Work instruction: Without the pictures, write the listing below out again, line for line.

Data shown:
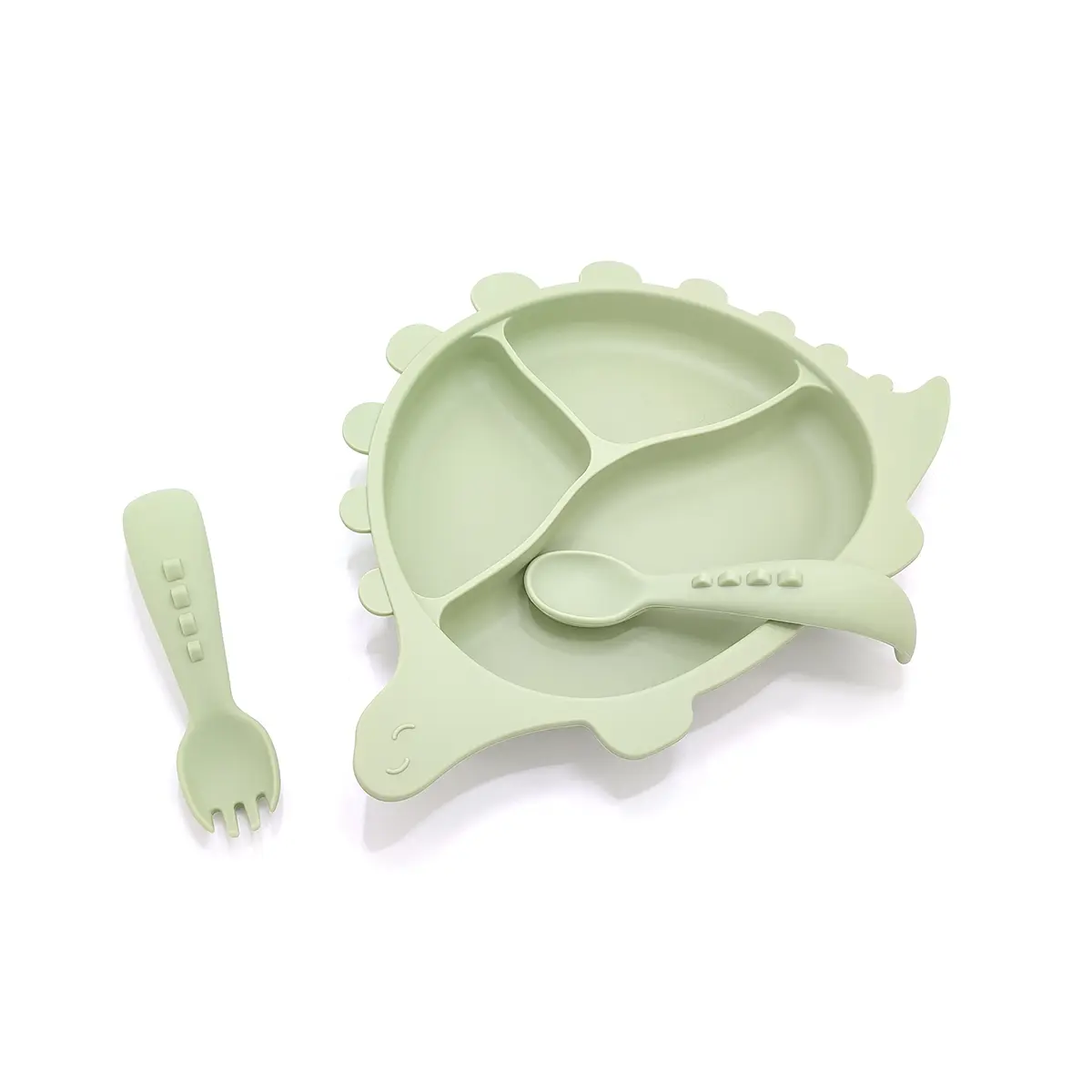1 Plato de silicona 3 divisiones dino, 1 Bolw de silicona dino, 1 Babero de silicona, 1 vaso de silicona con tapa y cañita honey, 1 tapa porta snack, 1 set de cubiertos de silicona cuchara y tenedor dino.
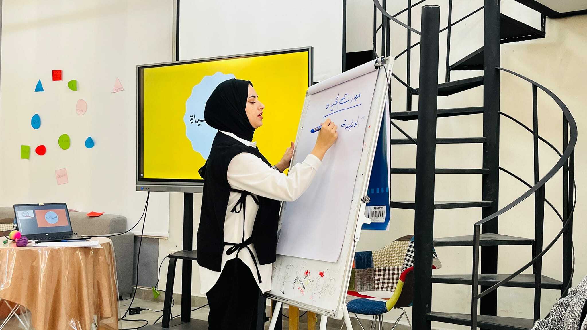 وقدمت المدربة عبير شويات تعريفاً بمفهوم مهارات الحوار وأهميتها في حياتنا اليومية، كما أوضحت كيفية تنفيذ تمارين كسر الجمود والأنشطة التفاعلية لإيصال مفاهيم الاتصال وأنواعه.
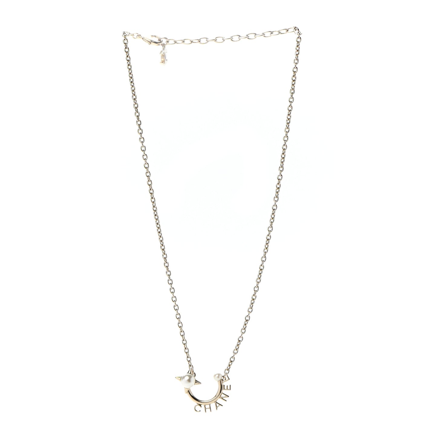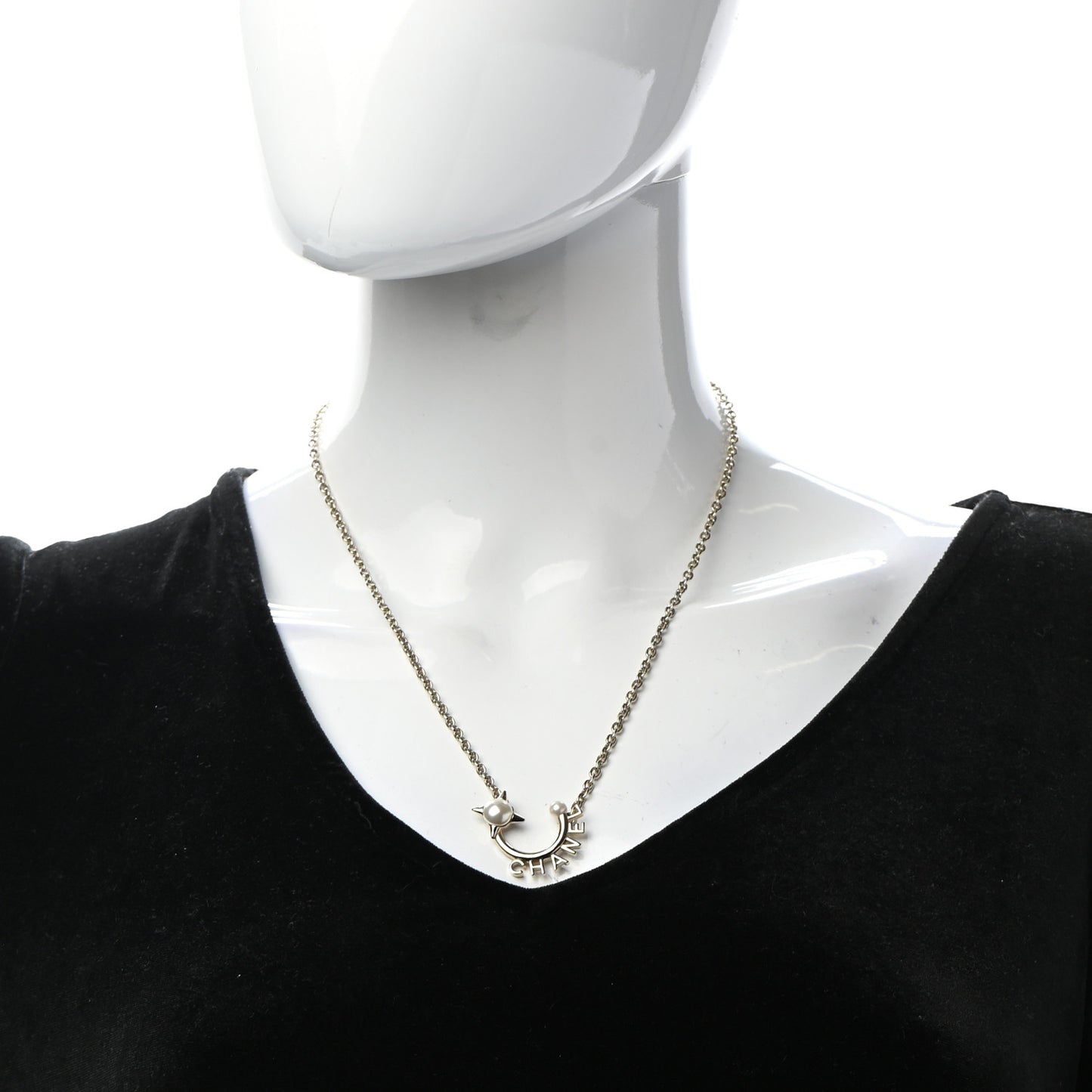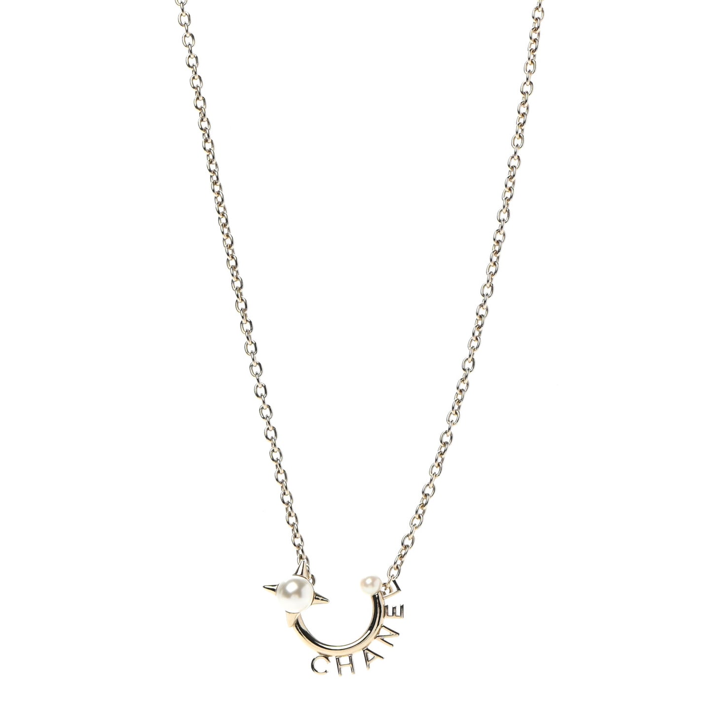 This is an authentic CHANEL Pearl Logo Necklace in Gold. This beautiful necklace is in a light gold tone chain and features a pendant with the Chanel logo and faux pearls.Follow this item for alerts. Chanel is a registered trademark of Chanel. FASHIONPHILE is not affiliated with Chanel.

Solution for this exercise:
1 Plato de silicona 3 divisiones dino, 1 Bolw de silicona dino, 1 Babero de silicona, 1 vaso de silicona con tapa y cañita honey, 1 tapa porta snack, 1 set de cubiertos de silicona cuchara y tenedor dino.
 وقدمت المدربة عبير شويات تعريفاً بمفهوم مهارات الحوار وأهميتها في حياتنا اليومية، كما أوضحت كيفية تنفيذ تمارين كسر الجمود والأنشطة التفاعلية لإيصال مفاهيم الاتصال وأنواعه.
 This is an authentic CHANEL Pearl Logo Necklace in Gold. This beautiful necklace is in a light gold tone chain and features a pendant with the Chanel logo and faux pearls.Follow this item for alerts. Chanel is a registered trademark of Chanel. FASHIONPHILE is not affiliated with Chanel.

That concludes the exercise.